TIEPOLO, GIOVANNI BATTISTA (1692–1769), Italian painter, was born at Venice, and acquired the rudiments of his art from Gregorio Lazzarini, and probably from Piazzetta, though the decisive influence on the formation of his style was the study of Paolo Veronese’s sumptuous paintings. When hardly out of his teens he developed an extraordinary facility of brushwork, and proved himself, as a fresco-painter, a colourist of the first order, though this early mastery of technique made him frequently neglect form and composition. The more solid qualities of Paolo Veronese — depth of thought and balance of design — are frequently wanting in his work, but he approaches the earlier master in richness of colour and in the management of difficult effects of lighting. He decorated many Venetian churches and palaces with ceilings and frescoes full of turbulent movement and rich colour, extending his operations to the near cities of the mainland and to Bergamo (Colleoni Chapel) and Milan (ceiling at Palazzo Chierici).

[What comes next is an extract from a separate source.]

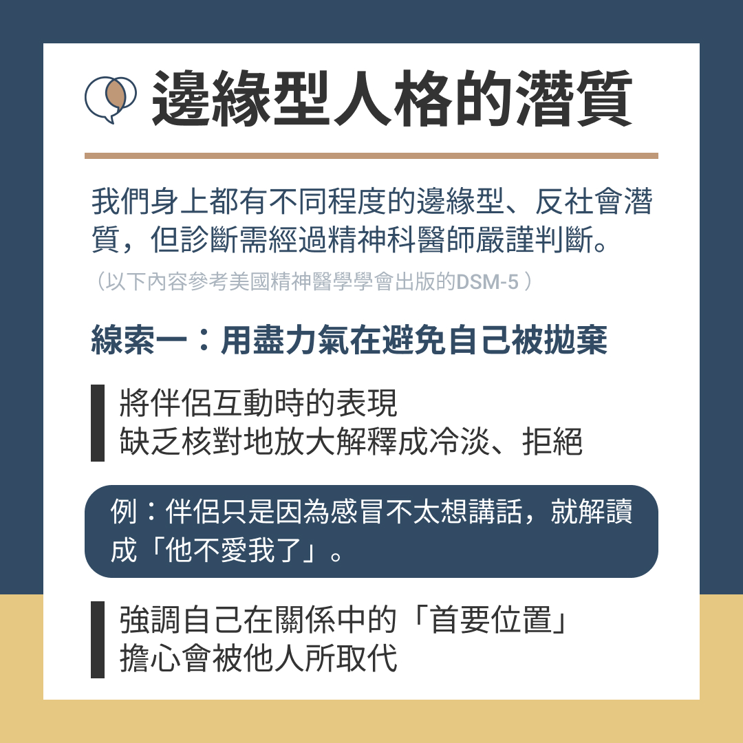 每個人身上都有不同程度的邊緣型、反社會潛質,但是要被診斷為「邊緣型人格」,需要經過精神科醫師嚴謹的判斷。
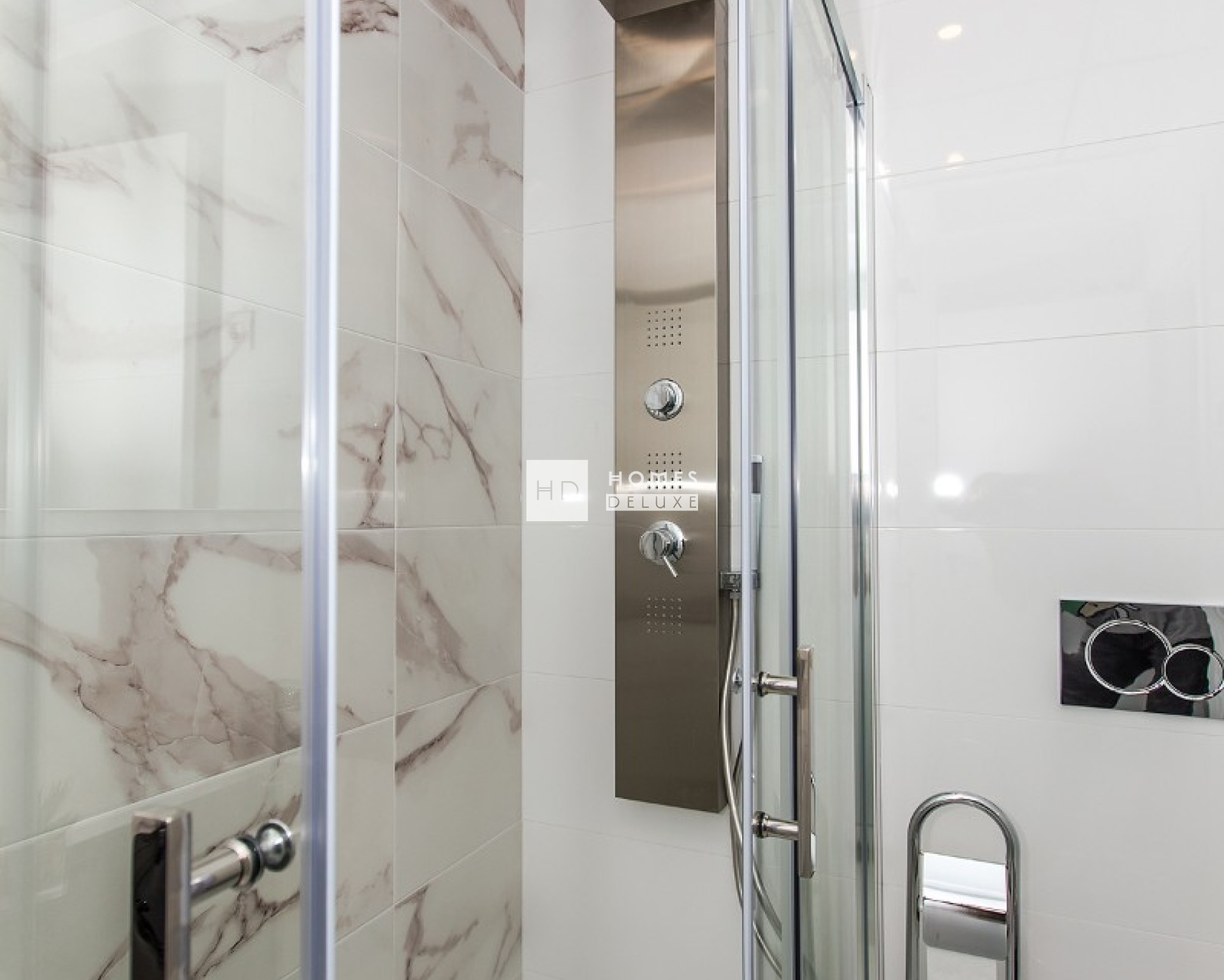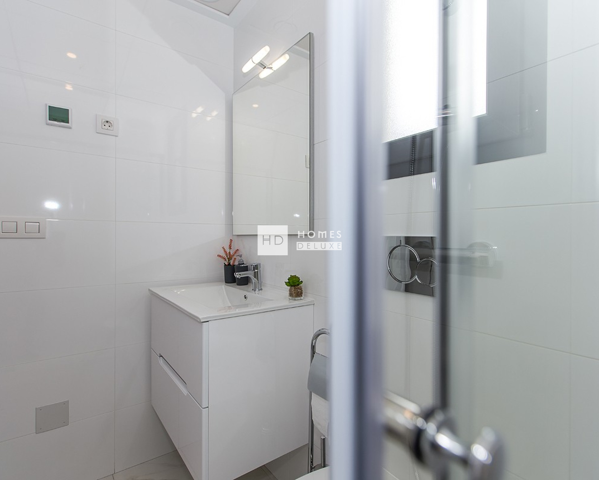 The interior layout comprises of an entrance hallway leading to the spacious open plan lounge and dining area with patio windows opening onto the terrace. Within the main living space is a large American style kitchen in a gloss finish with low and high storage cupboards and a separate utility area. The ground floor level also has a useful guest toilet located near the front entrance. The interior staircase leads you to the first floor level with the Primary bedroom with en-suite bathroom, dressing area, and patio door access onto a private terrace. There are a further two good sized double bedrooms and a family bathroom. The interior staircase of the property also gives access to the extensive rooftop solarium and the basement level with parking for a vehicle with a remote control access door. The standard qualities and finishes are excellent: all the properties include pre-installation of ducted air conditioning, electric blinds in lounge and bedrooms, built in wardrobes in all bedrooms, intercom system and a private garage.

In 1750 he proceeded to Würzburg to paint the magnificent ceilings and frescoes at the archbishop's palace. From 1753 to about 1763 he worked again at Venice and in the cities of north-east Italy, until he was summoned to Madrid by Charles III. to paint some frescoes for the royal palace. He died at Madrid in 1769. He was the last important figure in Venetian art, and at the same time the initiator of the baroque period.

Tiepolo's altarpieces and easel pictures show more clearly even than his frescoes how deeply he was imbued with the spirit of Paolo Veronese, for in these smaller works he paid more attention to the balance of composition, whilst retaining the luminosity of his colour harmonies. The majority of his works, both in fresco and in oils, are to be found in Venice in the churches of S. Aloise, SS. Apostoli, Gesuati, SS. Giovanni e Paolo, in the Scalzi, and the Scuola del Carmine, the Academy, and the Palazzi Labia, Rezzonico, and Quirini-Stampalia, and the Doge's Palace. Besides the cities already mentioned, Padua, Udine, Parma and Vicenza boast of fine examples of his work. At the National Gallery are two designs for altarpieces, a “Deposition from the Cross,” “Esther at the Throne of Ahasuerus,” and “The Marriage of Marie de Médicis.” Two versions of “Christ and the Adulteress” are in the collection of Dr L. Richter. Other easel pictures by Tiepolo are at the Louvre, and at the Berlin and Munich galleries. His paintings in Madrid belong to the closing years of his life and show signs of waning power. Tiepolo also executed some notable work with the etching-needle, the list comprising some fifty plates. His two sons, Giovanni Domenico (about 1726-1804) and Lorenzo, did not attain to his excellence.

See Les Tiepolo, by Henry de Chennevières (Paris, 1898); and Pompeo Molmenti, G. B. Tiepolo (Milan, 1910).